**WHAT YOU HAVE TO DO**
Print out the data that follows exactly, character for character, apart from the pictures.

**SUPPLIED MATERIAL**
Content starts

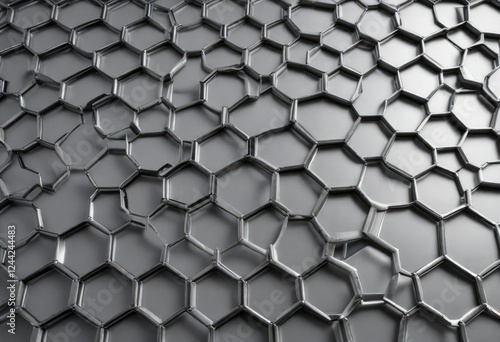 Fototapeta premium Silver steel mesh background with hexagonal honeycomb pattern, grid, technology, futuristic
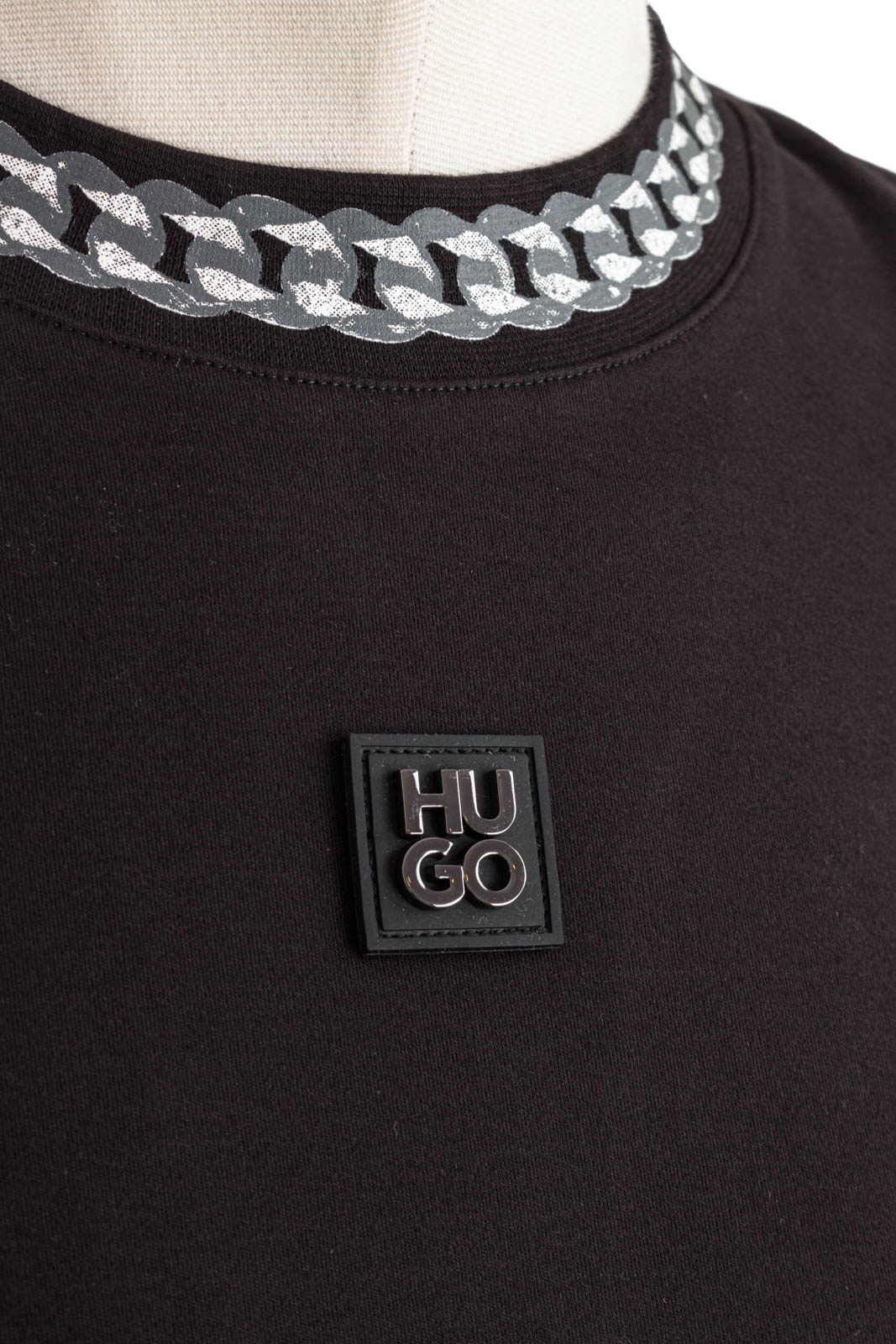 Locker geschnittenes HUGO T-Shirt aus einem besonders soften Interlock-Gewebe mit Ketten-Print am Ausschnitt.
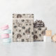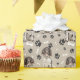 En bild av en söt brun och vit Springer-spanjor-hund finns i mönster på tillfällens gåva som är papper. Hund sitter mitt i mönster på svart tass avtryck och vita ben och upprepas med ljusbrun bakgrund.
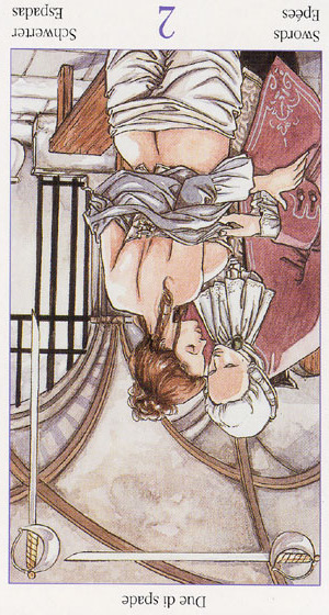 This the first assignment number of the Cups suit. Unlike Wands, with the Fire element, Cups, with the water element, has a lot more patience. Water is by nature more introspective, and this second card in the Cups suit is indeed about exploring yourself. The outcome is uncertain as always, but it usually results in better acceptance of yourself.

Content ends

**RESULT**
 Fototapeta premium Silver steel mesh background with hexagonal honeycomb pattern, grid, technology, futuristic
 Locker geschnittenes HUGO T-Shirt aus einem besonders soften Interlock-Gewebe mit Ketten-Print am Ausschnitt.
 En bild av en söt brun och vit Springer-spanjor-hund finns i mönster på tillfällens gåva som är papper. Hund sitter mitt i mönster på svart tass avtryck och vita ben och upprepas med ljusbrun bakgrund.
 This the first assignment number of the Cups suit. Unlike Wands, with the Fire element, Cups, with the water element, has a lot more patience. Water is by nature more introspective, and this second card in the Cups suit is indeed about exploring yourself. The outcome is uncertain as always, but it usually results in better acceptance of yourself.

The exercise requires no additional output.